Такова воля княгини Анны. Четверть века жизни на Руси, сделав ее русской, не изгладили византийской тонкости, или хитрости, или расчетливости – зови как хочешь. С приезда Гиты каждый день старая княгиня добивалась, чтоб будущую жену сына хоть в лицо узнали переяславльцы, тем натягивая основы будущей приязни. С тем же намереньем старая княгиня предложила нескольким переяславльским жителям, собиравшимся женить своих, справить свадьбы вместе и быть гостями на княжом дворе. Им и честь, и выгода, кто же откажется?

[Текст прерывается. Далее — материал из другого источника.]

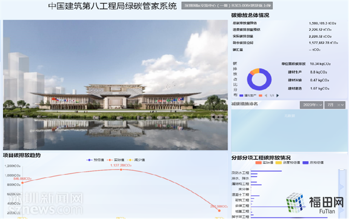 除光储直柔的低碳能源应用外,项目在施工全周期还植入了12项碳减排技术,形成从材料、工艺到管理的立体化绿色体系,并应用绿碳管理平台,全程监测碳排放情况。在材料端,创新采用天然石粉、碳纤维模板等绿色建材,从源头减少污染排放;在施工环节,采用钢管混凝土顶升技术降低现场浇筑能耗,运用建筑扫地机器人、焊接机器人等智能设备,减少返工产生的工业废料。

Улицы полны народа, говор, и смех, и шутки встретили женихов за воротами Андреева дома. Звонили на всех храмах, отвечая Воздвиженскому, полнозвучные голоса главных колоколов сопровождались веселым перезвоном подголосков. До паперти не будет и шести сотен шагов, но едут верхом – обычай. Ста шагов не проехали, толпы стеснились, путь преградил завал. Откупайся, иначе не пустим. Пять раз останавливали, пять раз тысяцкие сыпали серебряные деньги в подставленные шапки.
|
Вот и в храме. С княжого двора привозят невест. Епископ Ефрем сам служит, при нем обещаются друг другу брачащиеся, он их водит вокруг налоя с золотыми венцами, надетыми на головы, отсюда и названье обряда, свершается союз, чтобы плоть была едина, пока не разделит смерть.
При выходе супругов осыпают зерном, маковым семенем, чьи‑то руки украдкой касаются одежды молодых жен – это какая‑либо девица заручается доброй приметой для себя, – осыпают хмелем, бросают под ноги пучки трав, сорванных с наговором на счастье, перевязанных с заговором на счастье же либо волоском, либо шерстинкой, либо тряпицей, ибо каждая трава своего просит, спрыскивают водой, подкладывают чистое полотно, произносят заклятья против зла ночного, вечернего, рассветного, полуденного, призывают Сварога, Даждьбога, просят навьих пожаловать к честному браку, надевают венки цветов, собранных с заклинаньями лесовика – в лесу, водяных – на берегу…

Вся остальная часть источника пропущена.